> Task prompt
Using the listing below, please print exactly the lines from the one with "全球百年果蔬品牌都乐作为连续" through the one with "Le taille-haie à". Leave out every picture.

> Material shown
────

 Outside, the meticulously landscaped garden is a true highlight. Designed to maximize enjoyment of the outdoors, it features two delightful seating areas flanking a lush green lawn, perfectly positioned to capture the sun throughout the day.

────

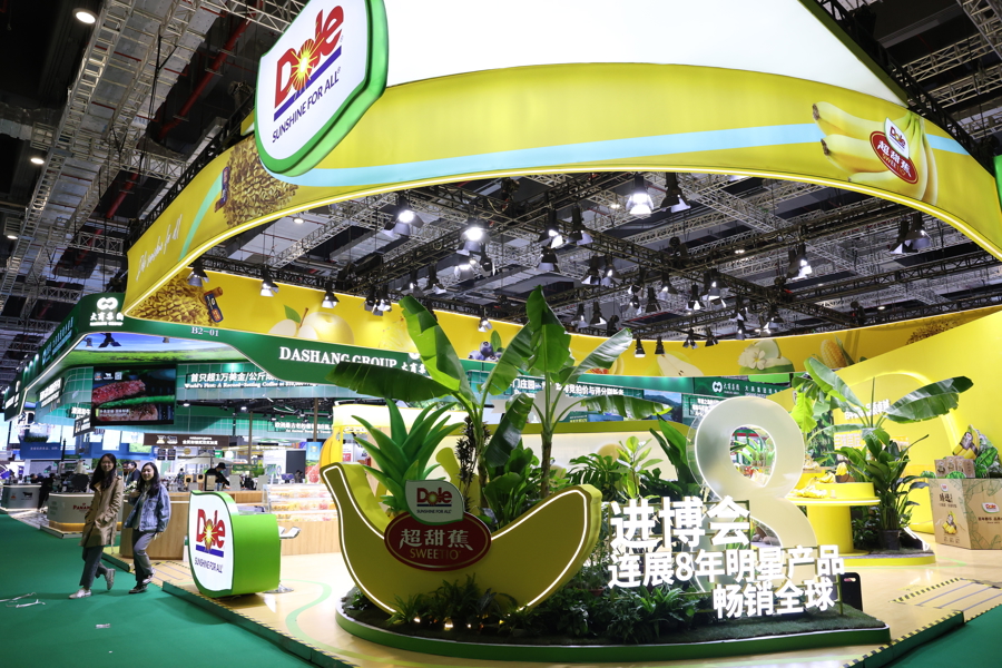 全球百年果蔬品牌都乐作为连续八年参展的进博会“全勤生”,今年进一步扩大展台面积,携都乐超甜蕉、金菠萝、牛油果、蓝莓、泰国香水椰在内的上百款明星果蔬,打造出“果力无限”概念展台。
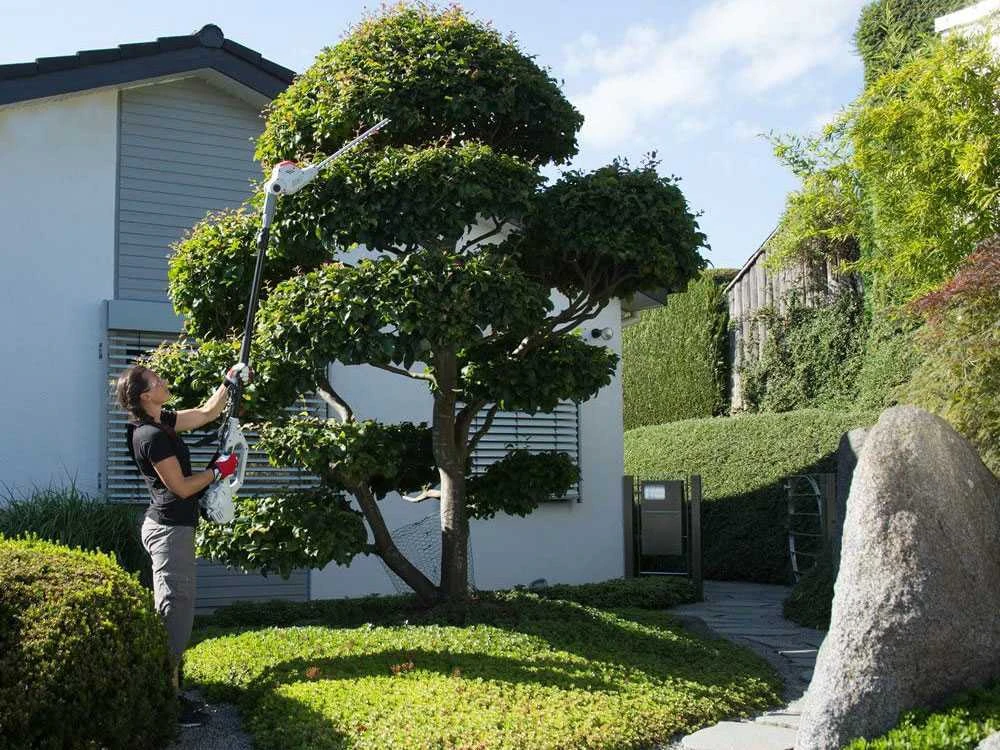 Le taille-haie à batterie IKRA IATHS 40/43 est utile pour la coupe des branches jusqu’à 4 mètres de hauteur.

────

> Written solution
 全球百年果蔬品牌都乐作为连续八年参展的进博会“全勤生”,今年进一步扩大展台面积,携都乐超甜蕉、金菠萝、牛油果、蓝莓、泰国香水椰在内的上百款明星果蔬,打造出“果力无限”概念展台。
 Le taille-haie à batterie IKRA IATHS 40/43 est utile pour la coupe des branches jusqu’à 4 mètres de hauteur.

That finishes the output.